■ **EXERCISE**
Every line of the data below is to be given again as it appears, with the images removed.

■ **SUPPLIED INFORMATION**
•••
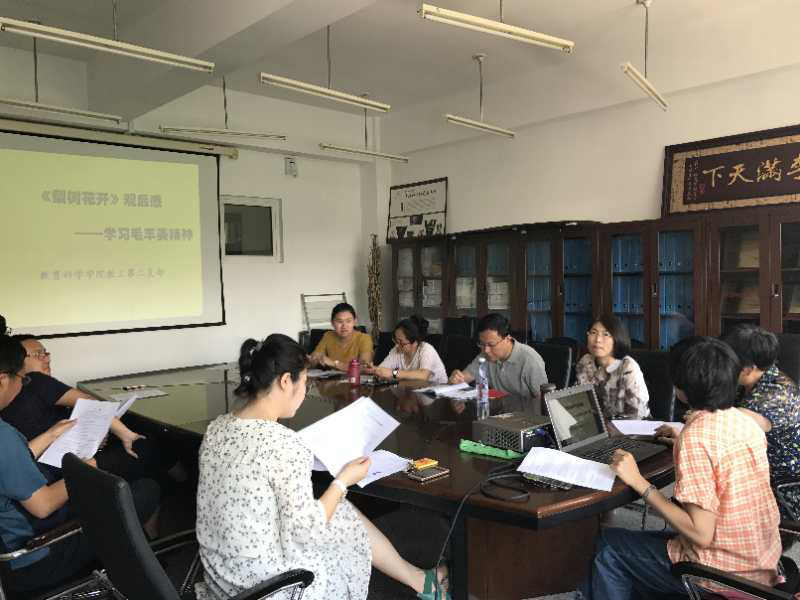 为积极响应“向毛丰美同志学习”的号召,推进沈阳师范大学腾博官网诚信为本专业服务教工第二党支部“两学一做”学习教育的深入开展,2017年7月8日上午,教科院教工二支部在田家炳教育书院408会议室组织召开了主题为“学习习近平总书记系列重要讲话精神,观看《梨树花开》谈感受”学习活动。
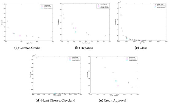According to Deb [42], a multi-objective optimization problem (MOOP) can be seen as a search problem that aims to minimize or maximize two (or more) objectives that are usually in conflict. Without loss of generality, a MOOP can be defined as: where is an n-variable decision vector, is the set of objective functions to be minimized or maximized, and l is the number of objectives (in our case, we have two objectives: the LL and the complexity ).
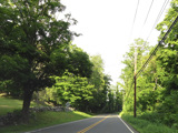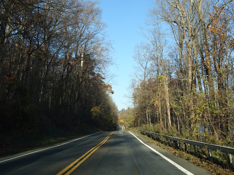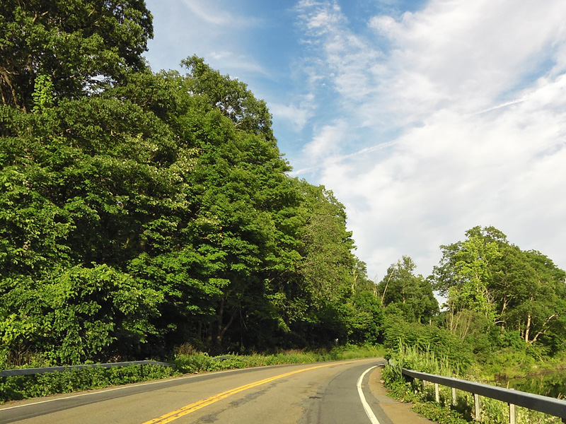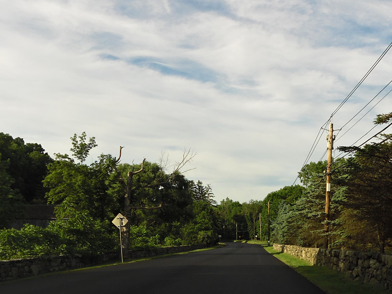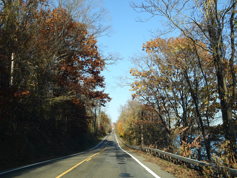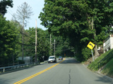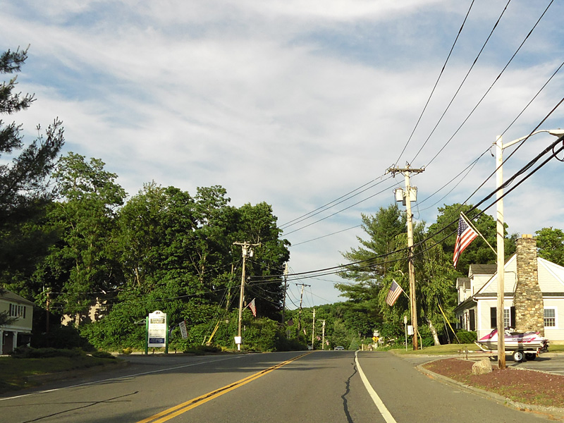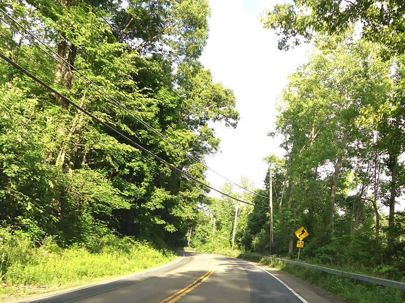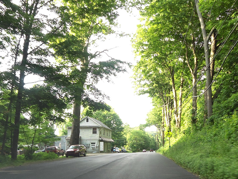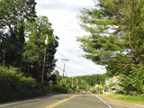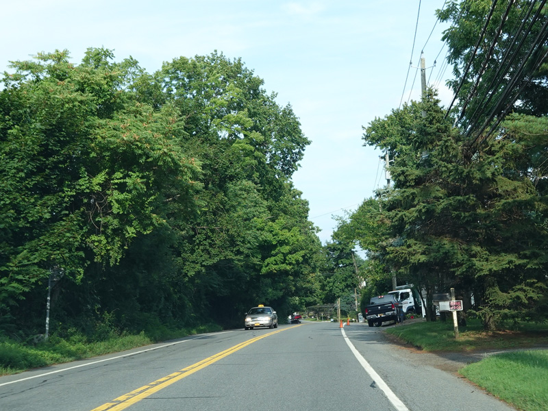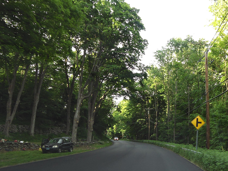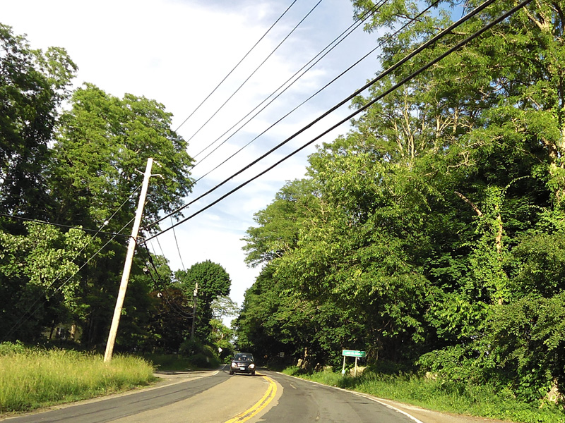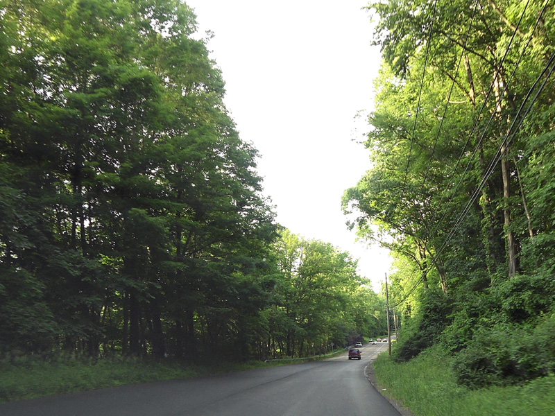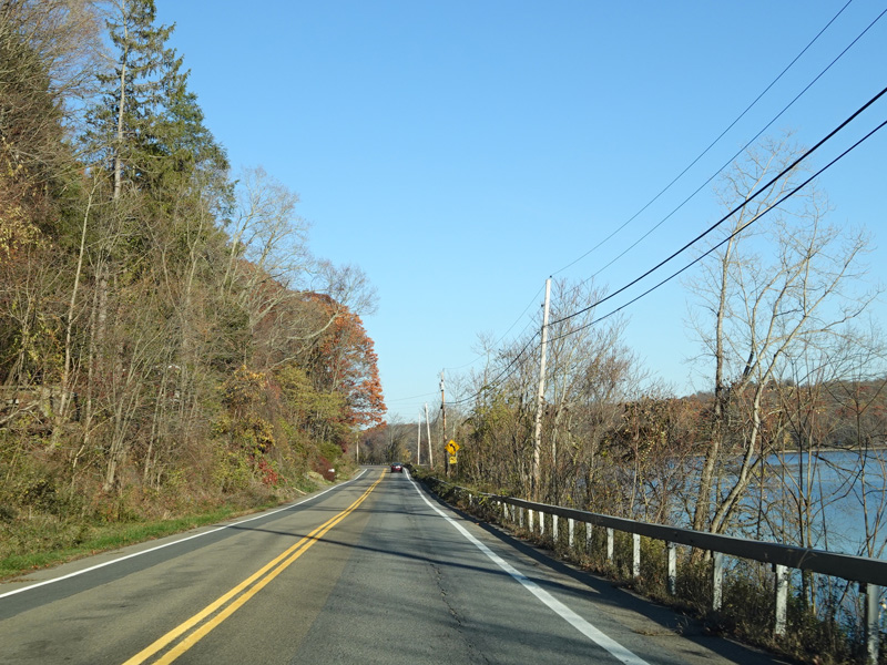 Tomahawk Street runs north as a two-lane undivided road. The Amawalk Reservoir is visible through the trees on the right.
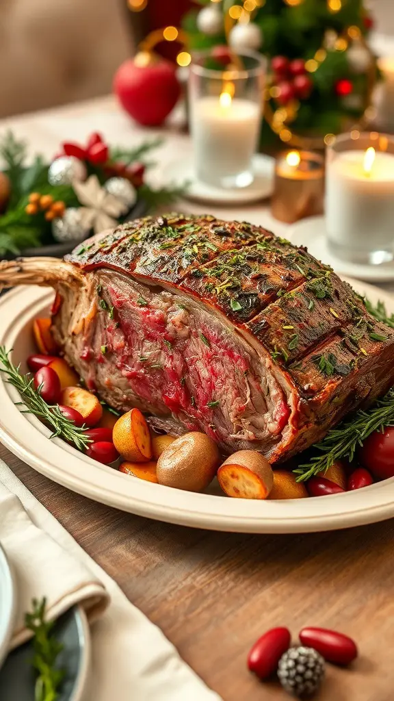 Herb-crusted prime rib is a showstopper for any Christmas Eve dinner. The image captures a beautifully roasted prime rib, perfectly cooked and glistening with herbs. The rich colors of the meat are complemented by the vibrant garnishes of rosemary and cherry tomatoes, making it not just a meal but a centerpiece.
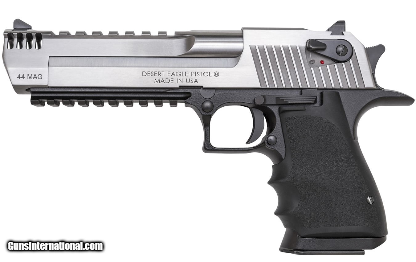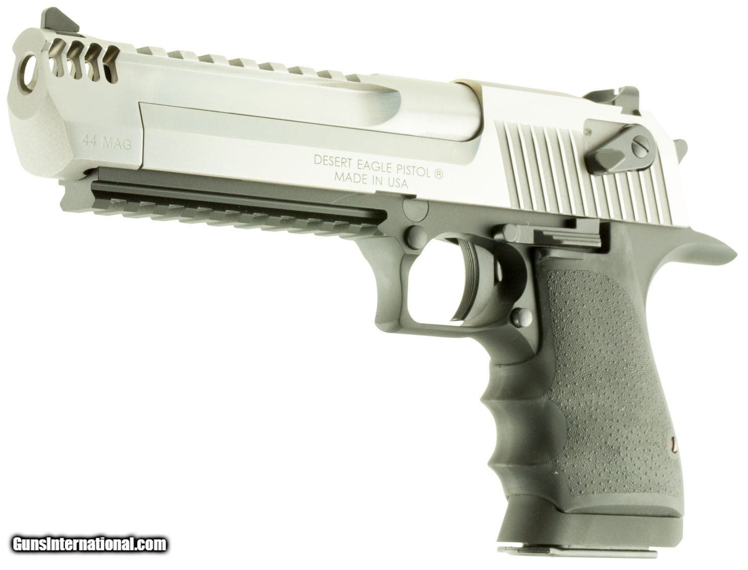 Description: Guns Listing ID: 557 The Magnum Research Desert Eagle is a family of powerful semi-automatic pistols chambered in 357 Mag 44 Mag or 50 AE. Utilizing a gas-operated rotating bolt more commonly found in rifles the Desert Eagle was the first pistol capable of handling these outsized loads. Fixed sights adorn barrels at 6 or 10 in length depending on model and a rail allows users to mount the scope of their choice to the Desert Eagle. Details Type Gas-operated rotating bolt semiautomatic - Caliber .44 Magnum - Barrel Length 6 - Overall Length 10.75 - Bore Diameter .429 - Height 6.25 - Slide Width 1.25 - Construction Black Hard Coat Alloy Frame with Full Weaver Style Accessory Rail Stainless Steel Slide and Barrel with Integral Muzzle Brake and Black Appointments - Finish Black Aluminum Frame Stainless Steel Slide - Trigger Single action approx. 4 lb. pull - Trigger Reach 2.75 - Sight Radius 8.5 - Sights Combat type fixed - Polygonal Rifling w Right Hand Twist 6 lands grooves 1 turn in 18 - Weight (Empty Magazine) 4 lbs. 6.6 oz. - Magazine Capacity 8 rounds SOLD Manufacturer: MAGNUM RESEARCH Model: DESERT EAGLE Caliber Info: .44 MAGNUM Condition: new Barrels: 6 BARREL Finish: BLACK |
•••
■ **ANSWER TO THIS PROBLEM**
 为积极响应“向毛丰美同志学习”的号召,推进沈阳师范大学腾博官网诚信为本专业服务教工第二党支部“两学一做”学习教育的深入开展,2017年7月8日上午,教科院教工二支部在田家炳教育书院408会议室组织召开了主题为“学习习近平总书记系列重要讲话精神,观看《梨树花开》谈感受”学习活动。
According to Deb [42], a multi-objective optimization problem (MOOP) can be seen as a search problem that aims to minimize or maximize two (or more) objectives that are usually in conflict. Without loss of generality, a MOOP can be defined as: where is an n-variable decision vector, is the set of objective functions to be minimized or maximized, and l is the number of objectives (in our case, we have two objectives: the LL and the complexity ).
 Tomahawk Street runs north as a two-lane undivided road. The Amawalk Reservoir is visible through the trees on the right.
 Herb-crusted prime rib is a showstopper for any Christmas Eve dinner. The image captures a beautifully roasted prime rib, perfectly cooked and glistening with herbs. The rich colors of the meat are complemented by the vibrant garnishes of rosemary and cherry tomatoes, making it not just a meal but a centerpiece.
 Description: Guns Listing ID: 557 The Magnum Research Desert Eagle is a family of powerful semi-automatic pistols chambered in 357 Mag 44 Mag or 50 AE. Utilizing a gas-operated rotating bolt more commonly found in rifles the Desert Eagle was the first pistol capable of handling these outsized loads. Fixed sights adorn barrels at 6 or 10 in length depending on model and a rail allows users to mount the scope of their choice to the Desert Eagle. Details Type Gas-operated rotating bolt semiautomatic - Caliber .44 Magnum - Barrel Length 6 - Overall Length 10.75 - Bore Diameter .429 - Height 6.25 - Slide Width 1.25 - Construction Black Hard Coat Alloy Frame with Full Weaver Style Accessory Rail Stainless Steel Slide and Barrel with Integral Muzzle Brake and Black Appointments - Finish Black Aluminum Frame Stainless Steel Slide - Trigger Single action approx. 4 lb. pull - Trigger Reach 2.75 - Sight Radius 8.5 - Sights Combat type fixed - Polygonal Rifling w Right Hand Twist 6 lands grooves 1 turn in 18 - Weight (Empty Magazine) 4 lbs. 6.6 oz. - Magazine Capacity 8 rounds SOLD Manufacturer: MAGNUM RESEARCH Model: DESERT EAGLE Caliber Info: .44 MAGNUM Condition: new Barrels: 6 BARREL Finish: BLACK |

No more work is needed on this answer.